Sunday, April 19, 2015

#157 Wiggle Tooth

It started at lunch, when I bit into a carrot and my milk carton fell over.

At the time I didn’t think that biting into a carrot could possibly make my milk fall over. I just thought maybe I’d bumped the table. It could have happened. I wasn’t paying much attention because when I bit that carrot, my tooth came lose, and that hurts!

“What happened?” Joe asked.

“You okay?” Kelly watched my milk puddle all over my tray.

“My tooth is loose,” I said, holding my hand up over my mouth to hide the chewed bits of carrot.

“Awesome,” said Andy. “Does the tooth fairy bring you a dollar?”

“A dollar? I get five dollars when my teeth come out,” said Kelly.

I grabbed some napkins and started mopping the spilled milk, then gave up and just went to throw out the rest of my tray.

It happened again during class. Mrs. Reed was talking about prepositions or something, and I was staring at my pencil lying on top of my language arts worksheet. My loose tooth still hurt a little from the carrot during lunch, so I pushed at it with my tongue.

The tooth wiggled. So did my pencil.

I made a kind of sniffle-snort of surprise. Was there an earthquake going on. I looked all around the room, but nothing else was shaking.

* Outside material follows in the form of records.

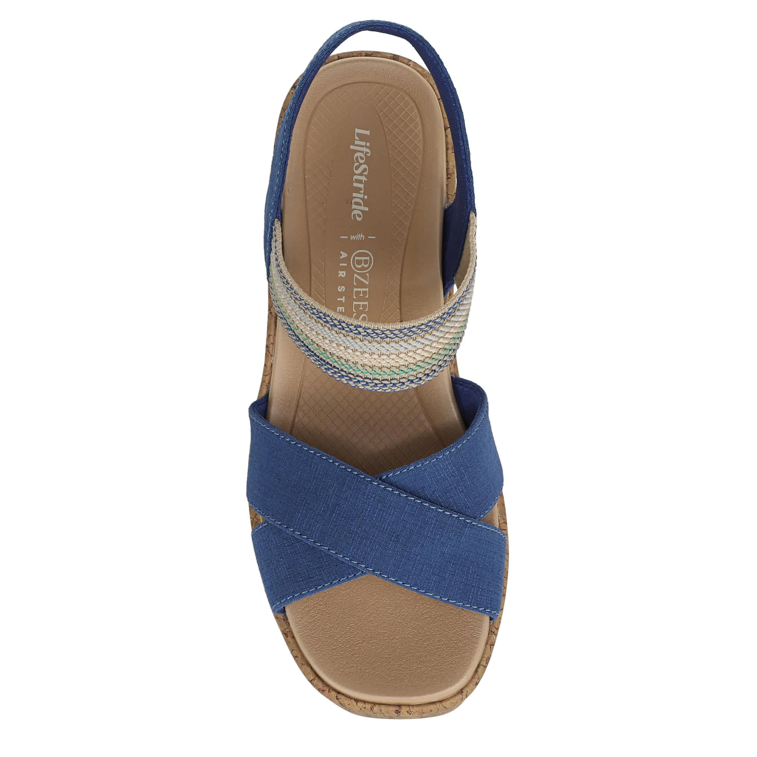 Slip into the Verify women's wedge sandal from LifeStride. Featuring a stretch fabric upper with crisscross straps and Anti-Odor Control technology for freshness, this cork-textured sandal is ultra lightweight and machine washable. The FreeFoamâ„¢ Comfort and cushy arch support cradle your foot, while the BZEES Air Step Technology ensures a weightless, energized feeling.
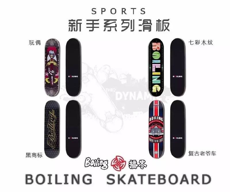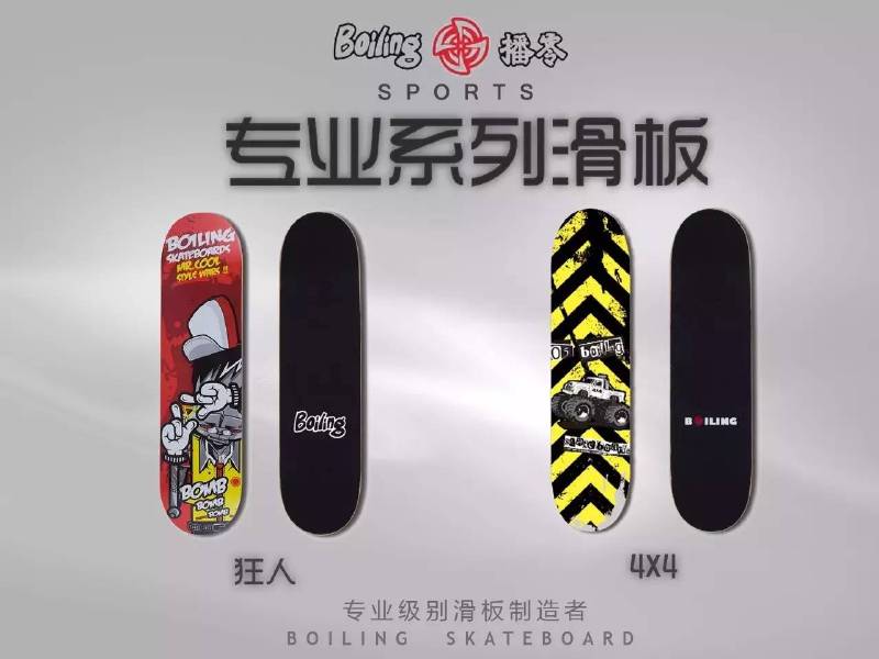 Skateboard。自2000年创立以来,始终秉承沸点“中国原创”的品牌理念,图案以手绘卡通为主,所有图案与设计者均来自国内,每年都不定期推出一些原创题材的滑板设计,引导初学者感悟滑板文化的魅力。
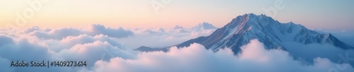 Serene mountain tops shrouded in soft, ethereal clouds , texture, nature
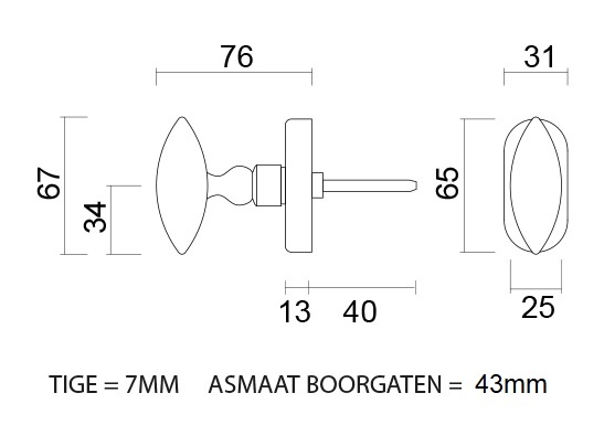 The old-silver oval-shaped handles with a maximum thickness of 25mm stand on an oval rosette of 65x31mm. The mounting holes are at a distance of 43mm.
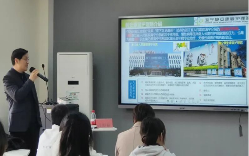 首先,江继镧介绍了静安康复护理院的概况,引出了海宁西片区“惠民、利民”的长期护理保险民生实事工程。江总指出,该项目的开展有效缓解了海宁市人民医院老年压床病人长期护理康复的压力,也填补了海宁西片区专业性长期护理事业的空白。
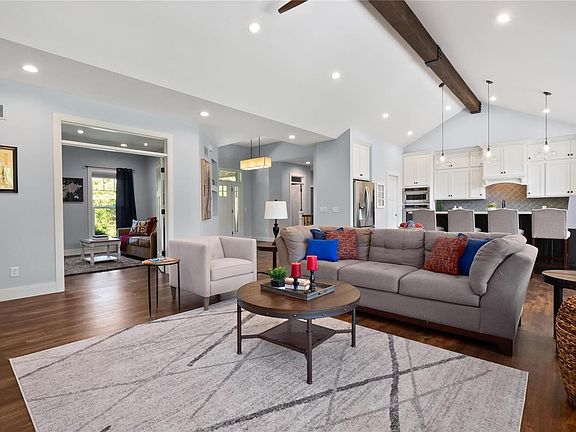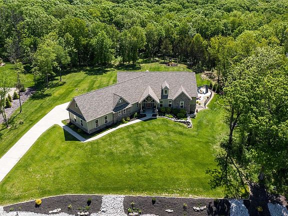 5 bed, 3.5 bath custom built ranch home with nearly 3600 sq. feet of living space, situated on 3 acres with in ground pool. Entry foyer opens to great room with vaulted ceiling & gas fireplace. Kitchen boasts vaulted ceiling, white cabinets with crown molding, tile back splash, center island with breakfast bar, farmhouse sink & stainless steel appliances. Breakfast room has vaulted ceiling, recessed lighting, wall of windows and sliding glass door that opens to covered deck. Master bedroom features bay window, coffered ceiling with recessed lighting, ceiling fan with light & en suite bath. Master bath with double sinks & vanities, separate shower & soaking tub. Bedrooms 2 & 3 have ceiling fan with light & jack and jill bath. Main floor laundry/mud room with built in cabinets & counter top with sink. Half bath located off laundry room. Partially finished walk out lower level has family, rec., 2 bedrooms & full bath. In ground, 10,000 gallon, fiberglass pool with stone waterfall & slide.
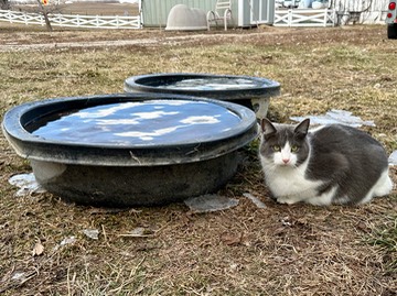 “Good morning! The duck tubs make a great blind for hunting sparrows or starlings. If I’m patient, some bird will get thirsty and careless.”
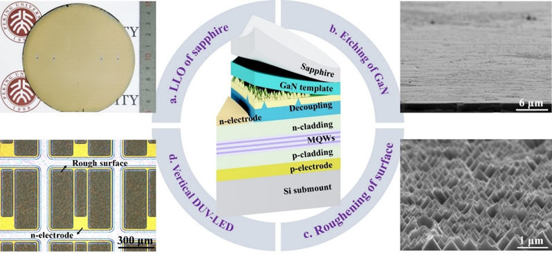 北京大學(xué)許福軍、沈波團(tuán)隊針對III族氮化物深紫外發(fā)光二極管(DUV-LED)光提取效率低下的難題,創(chuàng)新發(fā)展了一種基于GaN/藍(lán)寶石模板的應(yīng)力解耦方法,實現(xiàn)了DUV-LED外延結(jié)構(gòu)2、4英寸晶圓級無損傷剝離,并成功制備出垂直結(jié)構(gòu)器件,有效提升了光提取效率,200 mA注入電流下,峰值發(fā)光波長280 nm的深紫外LED光輸出功率達(dá)65.2 mW。
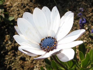 オステオスペルマム、宿根草です。 日が当たると花が開くという性質がありますので、日が当たる日しかお目にかかれません。白い花が太陽の光を浴びてまぶしく輝きます。まだ一輪しか咲いていませんが。群生するときれいです。 昨年は春に下の写真のように寄せ植えに使っていました。その後、花壇に植えつけました。今年も寄せ植えに使いたいお花です。今日もご訪問ありがとうございました。今年もガーデニングの人気ブログランキングに参加しています。 よろしければ下記の画像をポチットして帰ってくださいね♪↓↓
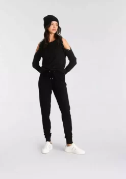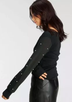 Melrose Freizeitanzug, aus Strick mit Perlen-Details – NEUE KOLLEKTION Schwarz, Beige-meliert
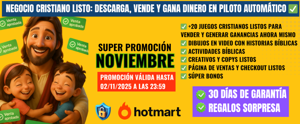 ¡Oportunidad única! Material listo para revender y ganar en el nicho cristiano infantil. Ideal para que los niños aprendan la Palabra de Dios de forma divertida y creativa.
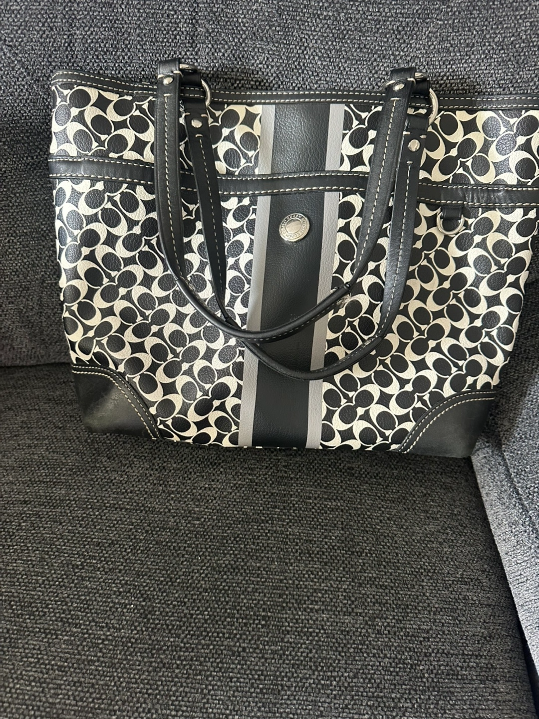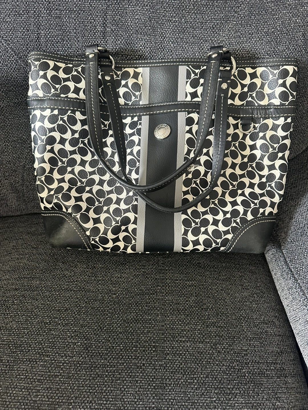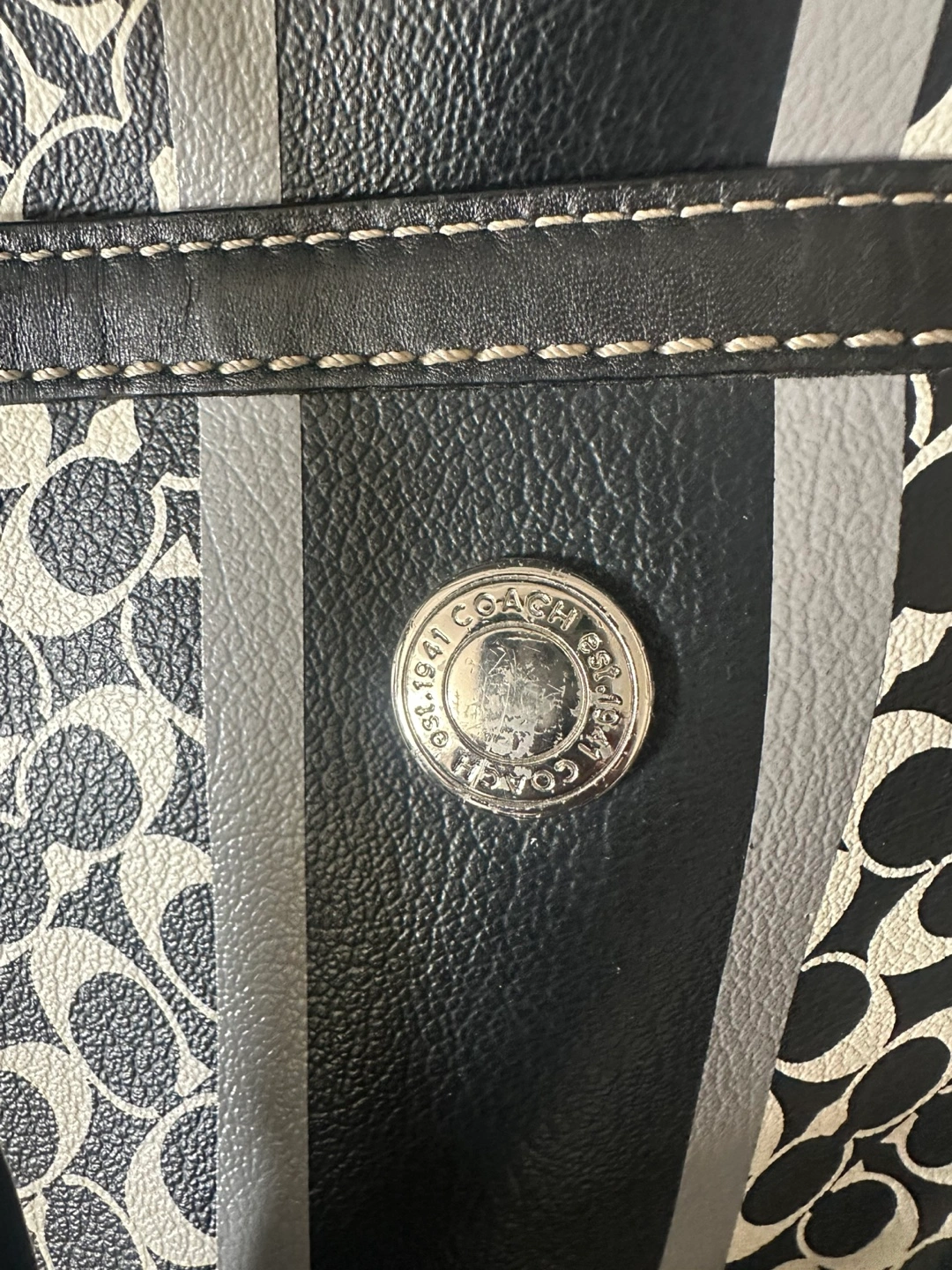 Medium Coach tote bag. Black and white signature. Features leather accents and double handles. Great everyday bag.
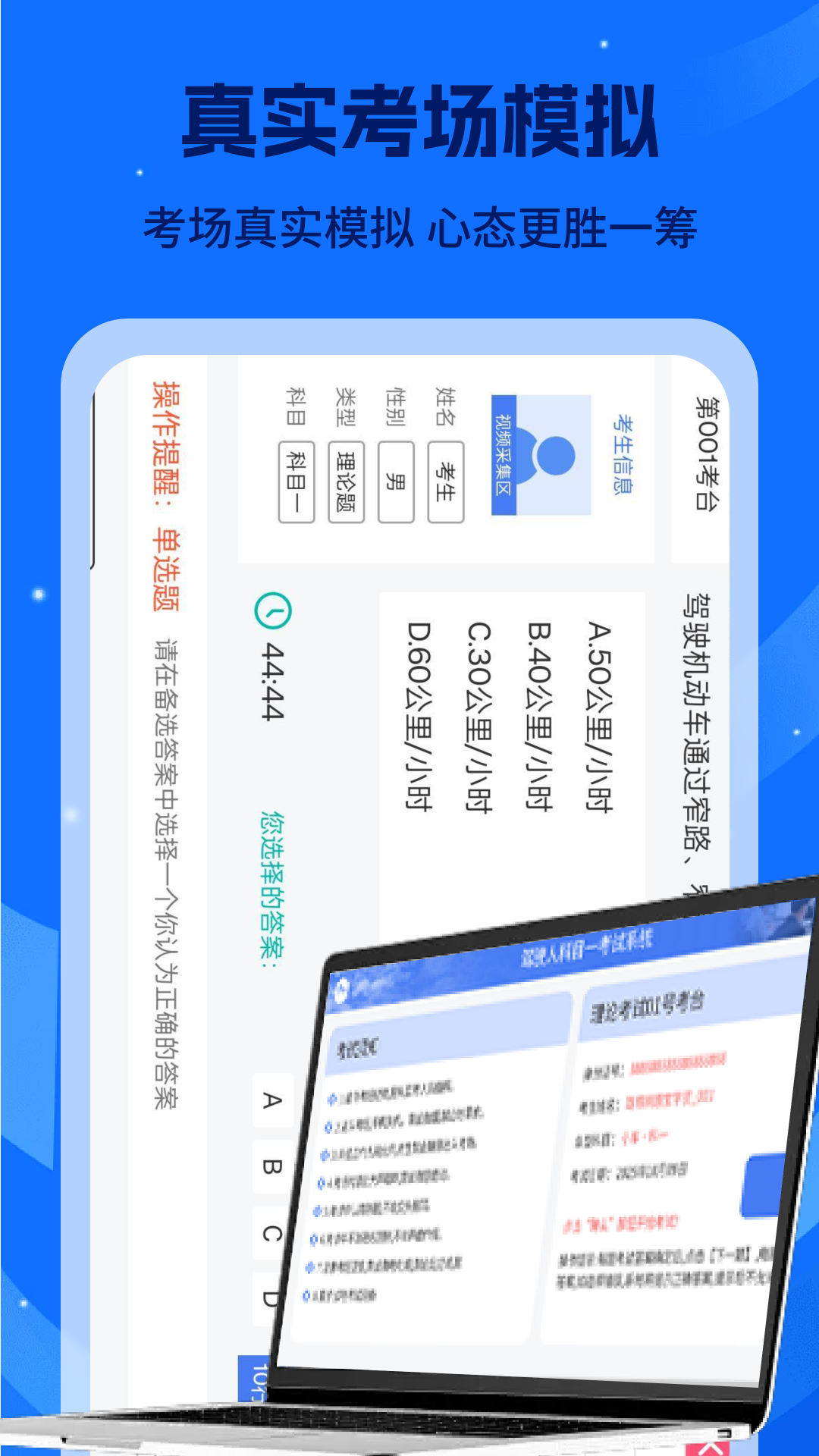 1、完全按照考试标准设置题目数量、考试时间和合格标准,提供逼真的考试体验。

I pushed at my tooth again, staring at the pencil. Wiggle tooth. Wiggle pencil.

Awesome.

I tried it with some other stuff in the room. I made the American flag over the front board wiggle, but no one seemed to notice. I guess they thought it was just the air conditioning. I tried to make the second hand on the clock go around a little faster, but I couldn’t quite get the timing right, and just kept making it go back and forth. I even made Mrs. Reed’s glasses wiggle, so she wrinkled up her nose, then took them off and set them on her desk.

On the way home from school, I was so busy looking for stuff to wiggle I didn’t notice my brothers arguing at first.

“You have to give it back to me!” my little brother Tyse said.

“No, you traded it to me. It’s mine now,” my big brother Tim was being a jerk again.

“I’ll give you back your guy.”

“I don’t want him back. You traded and that’s it.”

My little brother shoved past me and ran out into the crosswalk. He turned to scowl back at my big brother. That’s probably why he didn’t see the car coming around the corner.

“Tyse!” my big brother shouted.

I stared at my little brother as the car braked and swerved, trying to miss him. There was no way to reach him in time.

I grabbed my tooth and pulled as hard as I could.

My brother jerked out of the way of the car, as if someone had pulled him on a puppet string. He landed on his backside in the road just as the car squealed to a stop. An old lady got out and started yelling at us for running in the street.

My little brother Tyse, his eyes big and scared, stared up at me, and at the bloody tooth I was holding in my fingers.